Cutting portions while the roast is hot leads to fat sticking to the meat. Cool first, then trim. Skipping the scale creates guesswork and wide gaps in logs. Pouring on oil to “keep it moist” adds calories fast. Use a reduced pan sauce instead.

Your Easy Plan For Weeknight Protein Wins

Pick one lean chuck cut. Braise on Sunday. Chill and trim. Portion into 3–4 oz packs. Pair with fast sides. Keep a small note of the cut you used and the matching table line so you can repeat the result next week. With these habits, beef chuck protein tracking stays easy, accurate, and repeatable.

Amino Acid Profile At A Glance

Chuck supplies all indispensable amino acids that your body needs from meat. Cuts tested in lab databases score well for leucine, lysine, and the other branched-chain amino acids that lifters track. An 85 g cooked serving of grilled chuck eye steak clocks around 2.0–2.3 g leucine and more than 2 g lysine, with balanced amounts of isoleucine, valine, and threonine. Those numbers sit in the same ballpark as many round and sirloin entries. If you eat varied proteins through the week, chuck fits neatly into a plan that balances taste, texture, and macro targets.

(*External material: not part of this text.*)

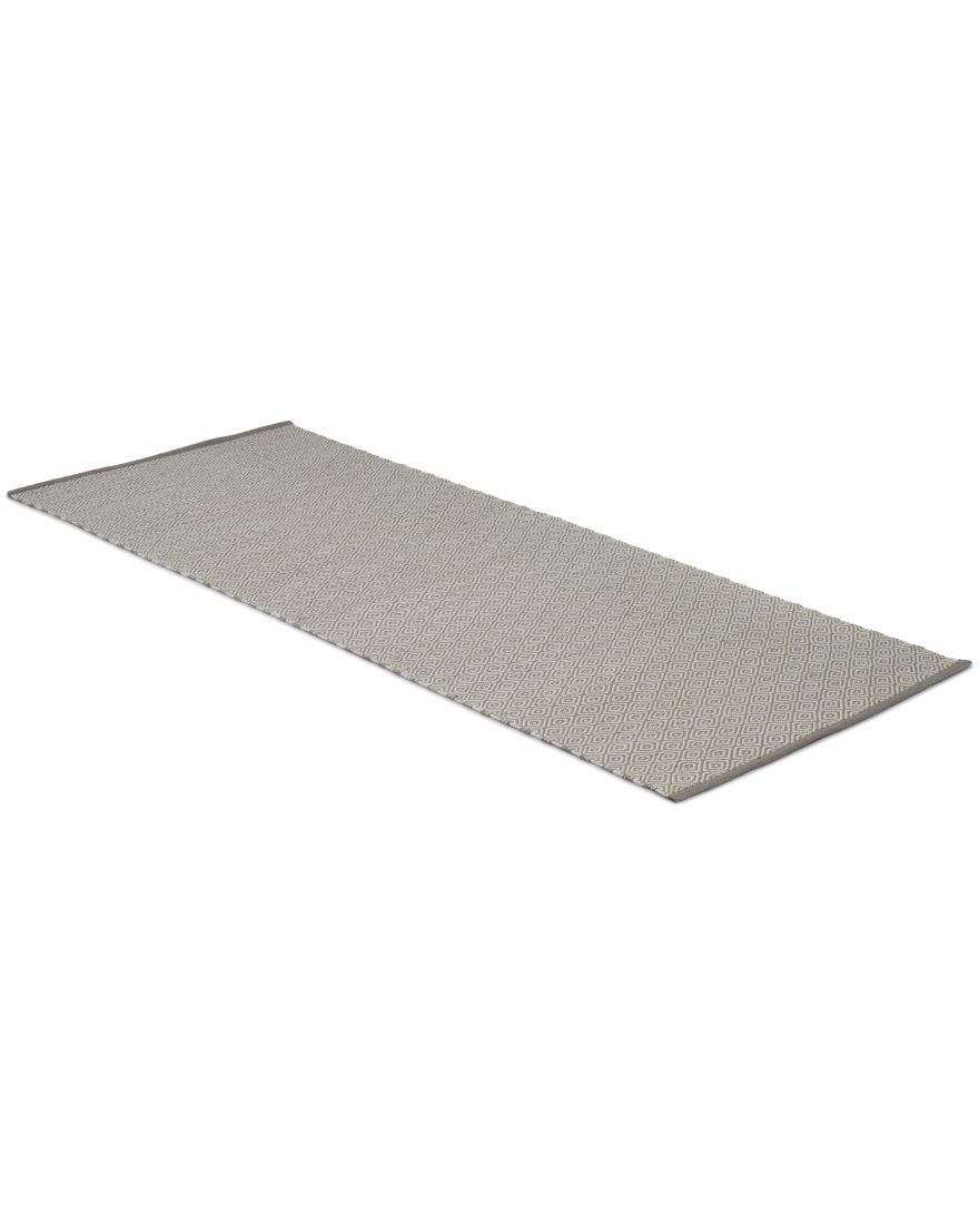 Rättvik er et håndvævet tæppe som er vævet af genbrugte pet-flasker. Tæppet har et klassisk gåseøjemønster. Her ser du Rättvik i farven grå.

Budget And Batch Cooking Ideas

Buy a larger roast when prices drop, then split it. Braise half today and freeze the other half raw for later. Use the oven, pressure cooker, or slow-cooker based on your schedule. After cooking, chill, trim, and cube the lean portion. Portion into small containers at 85 g or 113 g so the math is automatic at mealtime. Turn saucy leftovers into tacos, rice bowls, and stuffed pitas. For quick breakfasts, pan-sear a few cubes and toss them with eggs and peppers. If lunch needs a clean macro profile, wrap sliced chuck with shredded lettuce and a light yogurt sauce.

Storage And Reheating

Cool cooked meat within two hours and keep portions in shallow containers in the fridge. Reheat with a splash of reduced broth so the meat stays juicy without added oil. Stir cubed chuck into grains or pasta near the end so the heat of the dish warms it through. If you freeze portions, press them flat in bags for faster thawing in the fridge. Label each pack with the cut, cooked weight, and date. That small habit keeps protein tracking for chuck consistent across month.